--- INSTRUCTIONS FOR THE TASK ---
In the listing below, locate the lines that hold the string "domingo". Copy those lines.

--- RAW DATA ---
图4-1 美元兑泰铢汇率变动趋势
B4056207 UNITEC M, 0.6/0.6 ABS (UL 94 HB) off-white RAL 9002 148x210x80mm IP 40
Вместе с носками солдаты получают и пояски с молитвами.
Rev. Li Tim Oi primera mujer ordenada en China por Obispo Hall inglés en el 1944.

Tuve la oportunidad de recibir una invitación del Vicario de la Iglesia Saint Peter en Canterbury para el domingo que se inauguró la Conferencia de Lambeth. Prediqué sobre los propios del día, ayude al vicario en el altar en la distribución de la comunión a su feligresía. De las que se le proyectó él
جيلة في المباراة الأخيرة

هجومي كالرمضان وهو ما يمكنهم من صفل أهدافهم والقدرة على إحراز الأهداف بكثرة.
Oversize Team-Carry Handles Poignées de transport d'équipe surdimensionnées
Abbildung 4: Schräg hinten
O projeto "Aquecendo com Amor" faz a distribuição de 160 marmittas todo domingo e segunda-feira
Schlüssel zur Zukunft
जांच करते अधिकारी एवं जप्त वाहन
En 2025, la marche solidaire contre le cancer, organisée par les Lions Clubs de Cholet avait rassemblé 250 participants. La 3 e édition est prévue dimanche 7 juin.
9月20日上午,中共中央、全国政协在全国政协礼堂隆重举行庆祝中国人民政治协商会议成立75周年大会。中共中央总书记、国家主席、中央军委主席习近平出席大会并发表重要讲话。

==

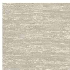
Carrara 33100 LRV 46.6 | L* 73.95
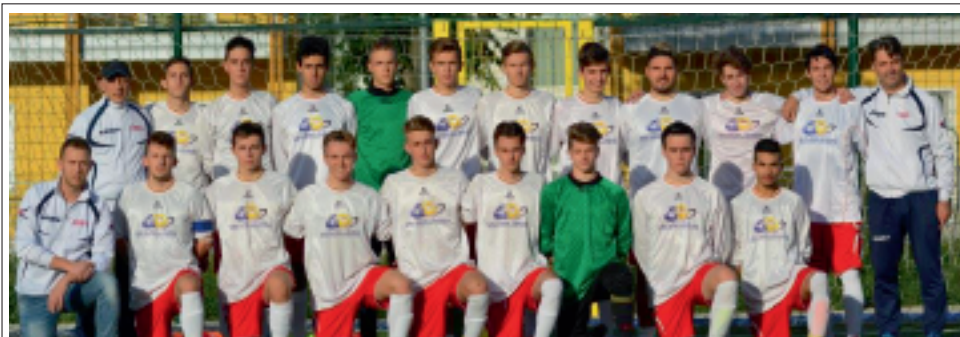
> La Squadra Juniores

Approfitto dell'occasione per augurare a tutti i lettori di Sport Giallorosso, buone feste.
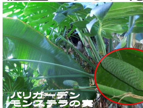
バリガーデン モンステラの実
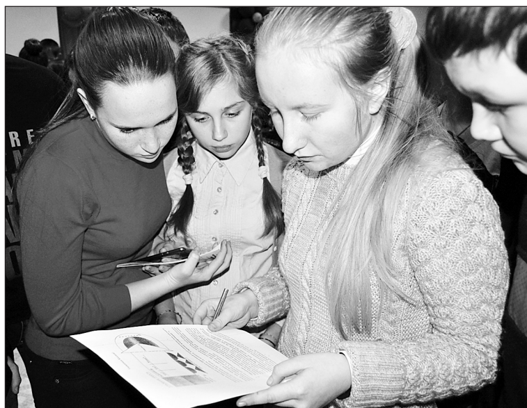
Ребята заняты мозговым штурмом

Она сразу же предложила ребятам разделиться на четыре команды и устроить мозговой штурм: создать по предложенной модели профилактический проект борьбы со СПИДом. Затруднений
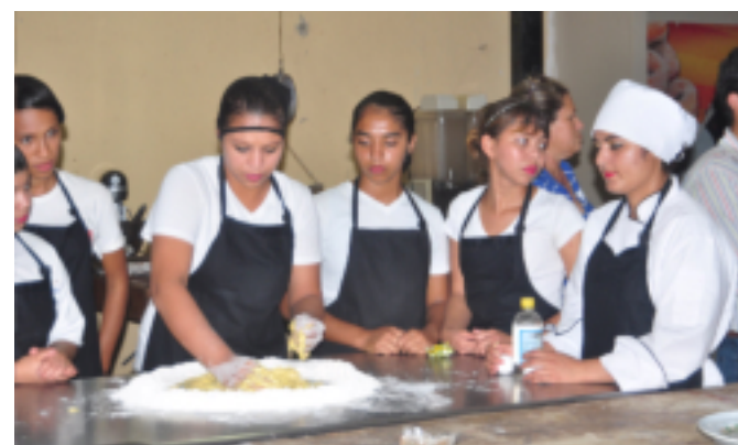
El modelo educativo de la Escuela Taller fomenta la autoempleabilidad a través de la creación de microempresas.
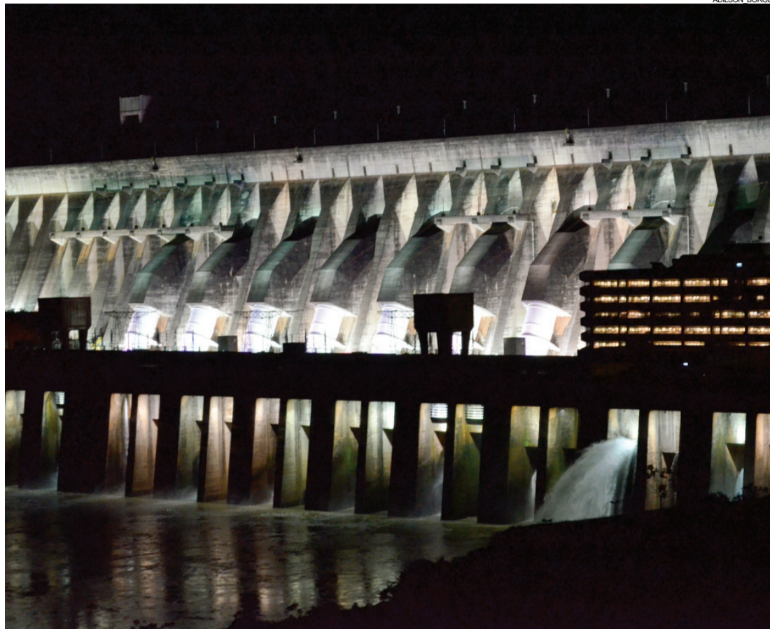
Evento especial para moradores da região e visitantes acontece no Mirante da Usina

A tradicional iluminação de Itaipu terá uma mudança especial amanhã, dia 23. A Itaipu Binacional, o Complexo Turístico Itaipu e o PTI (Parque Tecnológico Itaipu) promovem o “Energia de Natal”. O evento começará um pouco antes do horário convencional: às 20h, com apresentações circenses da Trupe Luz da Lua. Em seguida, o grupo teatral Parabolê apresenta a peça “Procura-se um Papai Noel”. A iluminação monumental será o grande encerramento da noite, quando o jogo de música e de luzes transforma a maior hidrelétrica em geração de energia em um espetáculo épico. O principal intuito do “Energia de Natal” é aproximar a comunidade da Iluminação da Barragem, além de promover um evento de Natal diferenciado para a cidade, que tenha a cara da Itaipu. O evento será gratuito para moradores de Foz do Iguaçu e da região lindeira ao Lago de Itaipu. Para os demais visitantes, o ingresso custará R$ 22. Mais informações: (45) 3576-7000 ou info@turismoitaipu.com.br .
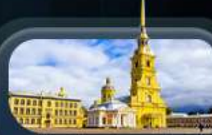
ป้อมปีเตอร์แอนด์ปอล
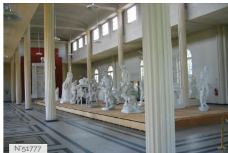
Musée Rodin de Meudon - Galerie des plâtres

--- RESULT ---
Tuve la oportunidad de recibir una invitación del Vicario de la Iglesia Saint Peter en Canterbury para el domingo que se inauguró la Conferencia de Lambeth. Prediqué sobre los propios del día, ayude al vicario en el altar en la distribución de la comunión a su feligresía. De las que se le proyectó él
O projeto "Aquecendo com Amor" faz a distribuição de 160 marmittas todo domingo e segunda-feira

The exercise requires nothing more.